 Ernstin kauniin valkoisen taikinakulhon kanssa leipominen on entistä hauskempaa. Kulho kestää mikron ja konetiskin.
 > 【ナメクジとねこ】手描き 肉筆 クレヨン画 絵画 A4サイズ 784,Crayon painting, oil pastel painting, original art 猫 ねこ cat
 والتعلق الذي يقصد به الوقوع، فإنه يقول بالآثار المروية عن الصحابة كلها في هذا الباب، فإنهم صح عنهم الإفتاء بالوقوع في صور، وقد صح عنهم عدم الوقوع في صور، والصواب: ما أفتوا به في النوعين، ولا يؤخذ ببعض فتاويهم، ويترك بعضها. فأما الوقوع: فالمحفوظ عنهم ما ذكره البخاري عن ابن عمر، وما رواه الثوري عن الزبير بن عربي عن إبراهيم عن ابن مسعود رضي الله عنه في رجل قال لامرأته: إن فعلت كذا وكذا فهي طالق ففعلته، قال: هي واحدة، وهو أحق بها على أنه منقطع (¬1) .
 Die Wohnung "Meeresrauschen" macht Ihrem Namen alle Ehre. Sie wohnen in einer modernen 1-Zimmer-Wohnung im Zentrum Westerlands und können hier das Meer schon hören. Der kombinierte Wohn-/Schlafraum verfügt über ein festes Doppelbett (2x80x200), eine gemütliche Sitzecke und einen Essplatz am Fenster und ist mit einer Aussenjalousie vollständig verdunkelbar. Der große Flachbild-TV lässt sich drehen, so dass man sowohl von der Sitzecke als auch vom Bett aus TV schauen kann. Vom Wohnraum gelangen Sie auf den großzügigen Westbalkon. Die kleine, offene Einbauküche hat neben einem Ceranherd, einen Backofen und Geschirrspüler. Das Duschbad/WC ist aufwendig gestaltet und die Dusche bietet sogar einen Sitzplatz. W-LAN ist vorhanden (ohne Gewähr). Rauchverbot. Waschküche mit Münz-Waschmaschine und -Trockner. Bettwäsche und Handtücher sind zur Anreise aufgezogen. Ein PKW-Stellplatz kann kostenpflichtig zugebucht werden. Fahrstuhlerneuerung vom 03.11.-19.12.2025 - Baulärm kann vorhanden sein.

Directions for this task: The lines from the one with "art 猫 ねこ cat" through the end of the data above are to be set down exactly, with both boundary lines included and no other lines.

Answer box:
 > 【ナメクジとねこ】手描き 肉筆 クレヨン画 絵画 A4サイズ 784,Crayon painting, oil pastel painting, original art 猫 ねこ cat
 والتعلق الذي يقصد به الوقوع، فإنه يقول بالآثار المروية عن الصحابة كلها في هذا الباب، فإنهم صح عنهم الإفتاء بالوقوع في صور، وقد صح عنهم عدم الوقوع في صور، والصواب: ما أفتوا به في النوعين، ولا يؤخذ ببعض فتاويهم، ويترك بعضها. فأما الوقوع: فالمحفوظ عنهم ما ذكره البخاري عن ابن عمر، وما رواه الثوري عن الزبير بن عربي عن إبراهيم عن ابن مسعود رضي الله عنه في رجل قال لامرأته: إن فعلت كذا وكذا فهي طالق ففعلته، قال: هي واحدة، وهو أحق بها على أنه منقطع (¬1) .
 Die Wohnung "Meeresrauschen" macht Ihrem Namen alle Ehre. Sie wohnen in einer modernen 1-Zimmer-Wohnung im Zentrum Westerlands und können hier das Meer schon hören. Der kombinierte Wohn-/Schlafraum verfügt über ein festes Doppelbett (2x80x200), eine gemütliche Sitzecke und einen Essplatz am Fenster und ist mit einer Aussenjalousie vollständig verdunkelbar. Der große Flachbild-TV lässt sich drehen, so dass man sowohl von der Sitzecke als auch vom Bett aus TV schauen kann. Vom Wohnraum gelangen Sie auf den großzügigen Westbalkon. Die kleine, offene Einbauküche hat neben einem Ceranherd, einen Backofen und Geschirrspüler. Das Duschbad/WC ist aufwendig gestaltet und die Dusche bietet sogar einen Sitzplatz. W-LAN ist vorhanden (ohne Gewähr). Rauchverbot. Waschküche mit Münz-Waschmaschine und -Trockner. Bettwäsche und Handtücher sind zur Anreise aufgezogen. Ein PKW-Stellplatz kann kostenpflichtig zugebucht werden. Fahrstuhlerneuerung vom 03.11.-19.12.2025 - Baulärm kann vorhanden sein.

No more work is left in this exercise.